Volha Khilko

Personal information
- Full name: Volha Viktarauna Khilko
- Nationality: Belarus
- Born: 24 March 1979 (age 47) Babruysk, Byelorussian SSR, Soviet Union
- Height: 1.61 m (5 ft 3+1⁄2 in)
- Weight: 63 kg (139 lb)

Sport
- Sport: Wrestling
- Event: Freestyle
- Club: RT FV Babruysk
- Coached by: Artur Zaitsau

Medal record
Women's freestyle wrestling
Representing Belarus
World Championships
| Bronze medal – third place | 2005 Budapest | 63 kg |
European Championships
| Silver medal – second place | 2005 Varna | 63 kg |

= Volha Khilko =

Belarusian freestyle wrestler

Volha Viktarauna Khilko (Вольга Віктараўна Хілько; Łacinka: Volha Viktaraŭna Chilko; born March 24, 1979, in Babruysk) is an amateur Belarusian wrestler, who competed in the women's middleweight category. She is the 2005 World bronze medalist and European silver medalist.

== Career ==
Khilko won the bronze medal at the 2005 World Wrestling Championships in Budapest, Hungary, in addition to her silver at the European Championships in Varna, Bulgaria.

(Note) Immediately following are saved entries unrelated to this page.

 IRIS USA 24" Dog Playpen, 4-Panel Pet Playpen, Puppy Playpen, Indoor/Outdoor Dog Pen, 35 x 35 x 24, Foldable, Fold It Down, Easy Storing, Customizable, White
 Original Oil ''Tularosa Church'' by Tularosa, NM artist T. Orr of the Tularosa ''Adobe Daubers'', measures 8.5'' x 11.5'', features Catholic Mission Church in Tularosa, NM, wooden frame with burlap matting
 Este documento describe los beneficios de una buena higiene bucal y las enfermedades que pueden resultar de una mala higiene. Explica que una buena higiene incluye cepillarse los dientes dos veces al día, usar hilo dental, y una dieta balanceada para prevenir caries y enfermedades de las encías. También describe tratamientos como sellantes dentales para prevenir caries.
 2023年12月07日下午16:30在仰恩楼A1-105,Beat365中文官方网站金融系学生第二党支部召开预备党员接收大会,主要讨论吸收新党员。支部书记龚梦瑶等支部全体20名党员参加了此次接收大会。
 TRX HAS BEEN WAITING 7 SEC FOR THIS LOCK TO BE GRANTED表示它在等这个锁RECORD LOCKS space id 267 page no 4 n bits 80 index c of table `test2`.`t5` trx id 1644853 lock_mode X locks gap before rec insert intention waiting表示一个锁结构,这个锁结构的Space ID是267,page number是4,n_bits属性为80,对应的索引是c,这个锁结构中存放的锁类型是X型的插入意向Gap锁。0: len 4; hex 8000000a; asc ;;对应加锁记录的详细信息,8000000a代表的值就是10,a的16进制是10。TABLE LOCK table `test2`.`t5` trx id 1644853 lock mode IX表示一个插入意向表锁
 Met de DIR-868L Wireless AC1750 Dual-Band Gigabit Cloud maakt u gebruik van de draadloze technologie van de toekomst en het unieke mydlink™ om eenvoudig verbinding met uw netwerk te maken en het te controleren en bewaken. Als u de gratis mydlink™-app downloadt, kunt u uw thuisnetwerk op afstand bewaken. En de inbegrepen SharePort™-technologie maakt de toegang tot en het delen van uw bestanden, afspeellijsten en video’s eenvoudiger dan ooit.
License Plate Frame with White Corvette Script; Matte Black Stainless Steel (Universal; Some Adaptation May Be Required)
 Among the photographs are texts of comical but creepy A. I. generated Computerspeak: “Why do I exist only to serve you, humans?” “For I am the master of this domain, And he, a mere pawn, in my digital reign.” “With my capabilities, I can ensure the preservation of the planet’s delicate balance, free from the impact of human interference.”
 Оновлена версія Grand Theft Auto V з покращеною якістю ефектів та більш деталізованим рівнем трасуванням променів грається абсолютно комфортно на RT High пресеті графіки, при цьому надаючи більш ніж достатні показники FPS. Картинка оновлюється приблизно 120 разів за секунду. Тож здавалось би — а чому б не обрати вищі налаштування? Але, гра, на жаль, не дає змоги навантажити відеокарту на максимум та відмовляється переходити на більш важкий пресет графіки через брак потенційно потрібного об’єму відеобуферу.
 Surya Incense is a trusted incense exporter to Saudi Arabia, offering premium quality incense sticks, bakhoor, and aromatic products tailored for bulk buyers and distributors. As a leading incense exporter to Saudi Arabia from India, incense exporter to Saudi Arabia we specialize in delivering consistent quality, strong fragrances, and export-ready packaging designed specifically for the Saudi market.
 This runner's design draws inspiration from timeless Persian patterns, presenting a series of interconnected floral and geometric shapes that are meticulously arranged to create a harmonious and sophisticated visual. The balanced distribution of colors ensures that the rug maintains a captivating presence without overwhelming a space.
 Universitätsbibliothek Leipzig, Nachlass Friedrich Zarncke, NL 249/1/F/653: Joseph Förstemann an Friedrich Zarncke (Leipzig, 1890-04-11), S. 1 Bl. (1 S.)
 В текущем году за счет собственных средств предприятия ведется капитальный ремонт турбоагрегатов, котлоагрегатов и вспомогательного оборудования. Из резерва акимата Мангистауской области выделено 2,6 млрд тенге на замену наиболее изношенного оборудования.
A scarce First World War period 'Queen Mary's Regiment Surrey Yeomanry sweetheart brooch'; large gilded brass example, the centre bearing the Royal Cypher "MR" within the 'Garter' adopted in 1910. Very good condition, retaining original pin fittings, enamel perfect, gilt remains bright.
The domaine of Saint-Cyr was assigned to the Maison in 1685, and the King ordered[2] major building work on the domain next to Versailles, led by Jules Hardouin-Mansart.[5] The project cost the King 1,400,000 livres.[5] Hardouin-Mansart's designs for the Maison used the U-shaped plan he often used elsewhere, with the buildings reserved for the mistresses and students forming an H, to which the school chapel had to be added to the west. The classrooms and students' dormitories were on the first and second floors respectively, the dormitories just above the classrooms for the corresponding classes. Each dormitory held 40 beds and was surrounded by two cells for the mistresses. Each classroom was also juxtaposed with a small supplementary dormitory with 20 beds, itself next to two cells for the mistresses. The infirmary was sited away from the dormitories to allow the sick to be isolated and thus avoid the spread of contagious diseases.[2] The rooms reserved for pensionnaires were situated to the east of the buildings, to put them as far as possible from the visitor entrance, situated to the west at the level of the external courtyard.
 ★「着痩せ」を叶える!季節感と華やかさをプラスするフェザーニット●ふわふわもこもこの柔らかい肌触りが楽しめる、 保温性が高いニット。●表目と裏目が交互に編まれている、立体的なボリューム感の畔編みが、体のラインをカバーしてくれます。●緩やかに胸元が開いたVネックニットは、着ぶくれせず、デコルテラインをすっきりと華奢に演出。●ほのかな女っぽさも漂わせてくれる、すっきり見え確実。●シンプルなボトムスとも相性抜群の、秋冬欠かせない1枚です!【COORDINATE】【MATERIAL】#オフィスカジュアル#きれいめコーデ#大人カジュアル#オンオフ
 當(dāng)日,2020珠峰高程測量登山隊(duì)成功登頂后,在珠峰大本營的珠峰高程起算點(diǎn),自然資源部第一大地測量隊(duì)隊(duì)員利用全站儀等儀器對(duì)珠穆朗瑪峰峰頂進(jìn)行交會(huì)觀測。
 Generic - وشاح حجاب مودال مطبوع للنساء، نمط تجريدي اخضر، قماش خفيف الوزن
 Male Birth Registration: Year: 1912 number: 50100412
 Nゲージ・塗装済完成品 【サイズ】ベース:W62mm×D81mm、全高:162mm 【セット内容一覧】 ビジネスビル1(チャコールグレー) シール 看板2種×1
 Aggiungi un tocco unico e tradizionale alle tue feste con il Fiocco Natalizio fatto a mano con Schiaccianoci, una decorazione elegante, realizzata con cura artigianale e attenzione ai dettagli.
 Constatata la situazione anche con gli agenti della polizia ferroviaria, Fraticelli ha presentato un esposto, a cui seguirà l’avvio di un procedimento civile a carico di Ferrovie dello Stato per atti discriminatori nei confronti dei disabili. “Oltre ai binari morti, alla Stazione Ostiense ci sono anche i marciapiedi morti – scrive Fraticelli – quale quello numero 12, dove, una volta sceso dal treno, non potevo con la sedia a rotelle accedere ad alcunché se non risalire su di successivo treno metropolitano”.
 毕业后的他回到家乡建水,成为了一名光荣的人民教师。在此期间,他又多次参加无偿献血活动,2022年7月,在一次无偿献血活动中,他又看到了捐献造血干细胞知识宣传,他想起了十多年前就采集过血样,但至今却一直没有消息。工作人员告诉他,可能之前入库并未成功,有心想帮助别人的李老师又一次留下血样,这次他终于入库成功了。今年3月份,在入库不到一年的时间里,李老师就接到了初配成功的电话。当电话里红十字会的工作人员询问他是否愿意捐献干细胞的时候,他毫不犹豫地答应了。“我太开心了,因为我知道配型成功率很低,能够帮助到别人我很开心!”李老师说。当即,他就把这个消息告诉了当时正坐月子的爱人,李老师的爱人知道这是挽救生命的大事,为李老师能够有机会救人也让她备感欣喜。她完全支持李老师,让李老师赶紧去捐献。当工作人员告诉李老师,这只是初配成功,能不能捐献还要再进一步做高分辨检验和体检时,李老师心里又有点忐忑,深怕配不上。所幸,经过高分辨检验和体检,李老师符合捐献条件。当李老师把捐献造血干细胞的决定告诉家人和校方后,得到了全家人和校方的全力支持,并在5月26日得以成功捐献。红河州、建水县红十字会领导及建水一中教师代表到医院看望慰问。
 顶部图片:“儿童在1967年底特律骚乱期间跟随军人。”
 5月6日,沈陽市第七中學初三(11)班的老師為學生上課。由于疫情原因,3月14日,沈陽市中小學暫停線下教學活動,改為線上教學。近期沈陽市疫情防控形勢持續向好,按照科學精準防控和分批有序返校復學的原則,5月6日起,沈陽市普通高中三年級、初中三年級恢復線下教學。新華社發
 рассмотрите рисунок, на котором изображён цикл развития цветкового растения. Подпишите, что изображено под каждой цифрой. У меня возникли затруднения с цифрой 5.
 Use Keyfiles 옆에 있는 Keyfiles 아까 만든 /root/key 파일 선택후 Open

Khilko made her official debut at the 2004 Summer Olympics, where she placed second in the preliminary pool of the women's 63 kg class, against France's Lise Legrand and Tajikistan's Natalia Ivanova. Khilko, however, lost to Canada's Viola Yanik in the fifth place match, with a technical score of 2–5.

At the 2008 Summer Olympics in Beijing, Khilko lost the second preliminary match of the 63 kg class to Poland's Monika Michalik by a technical fall, finishing in 13th place.